About Meghan

Based in New York, fiber artist Meghan Udell, uses a combination of minimal line work, steganography, and traditional handcrafts to create soft sculptural objects taking on complex and problematic topics. Raised in Chicago, Udell first became aware of steganography as a child while she was studying for her ham radio license, but it wasn’t until her teen years — when she picked up a tattered 1970’s era Learn to Knit booklet at a thrift shop — that she began to incorporate coded messages into fiber form.

Later while studying at California Institute of the Arts, her work became heavily influenced by artists Sheila Hicks and Anni Albers, and the writing of Lucy Lippard. This led her to expand her love of knitting to include mixed media, where she began to use art as a means of tackling gender issues and safety of time and space from the feminine perspective.

"I’m particularly drawn to the use of textiles both for their traditional designation as decorative women’s work, but also for their ability to act as a visual representation of the tensions that we hold in our body.”

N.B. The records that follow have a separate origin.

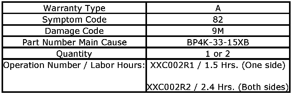^ This warranty information applies only to verified customer complaints on vehicles eligible for warranty repair. Refer to the Warranty Wizard for warranty term information.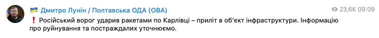 "Российский враг ударил ракетами по Карловке – прилет в объект инфраструктуры. Информацию о разрушениях и пострадавших уточняем", - сообщил Лунин.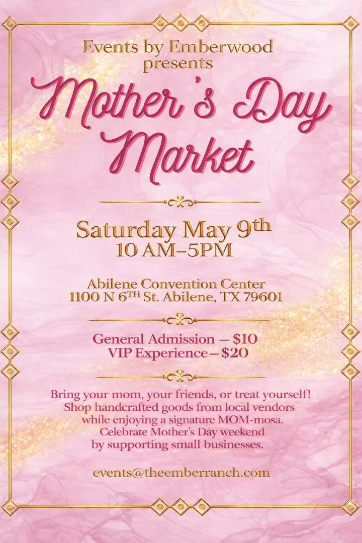 Hosted at the beautiful Abilene Convention Center, this Instagram-worthy market is designed to be a fun and stylish outing for you, your mom, and your whole mom squad.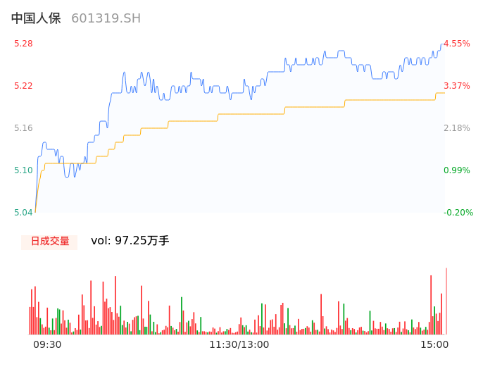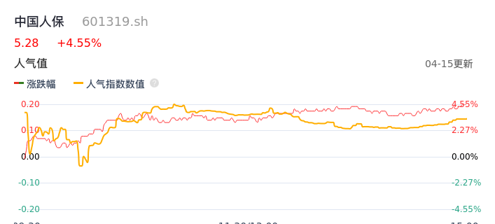 04月15日,中国人保收报5.28,股价涨幅4.55%,成交金额5.06亿元,换手率0.27%。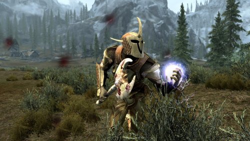 - знает несколько огненных заклинаний и имеет улучшенный перк магического щита. Чем вышке ее уровень. тем он мощнее. Но если одета одета в броню, то эффект магического щита исчезает

Her work has been exhibited in Los Angeles, Boston, New Mexico, and in her first New York show at the DVAA in Narrowsburg, NY. Her current work “All The Stories We Do Not Tell” is a layered narrative about the conditional state of awareness in which women exist.

Today, Udell creates commissions, and exhibits her work while splitting her time between New York City, and the Delaware River Valley Region.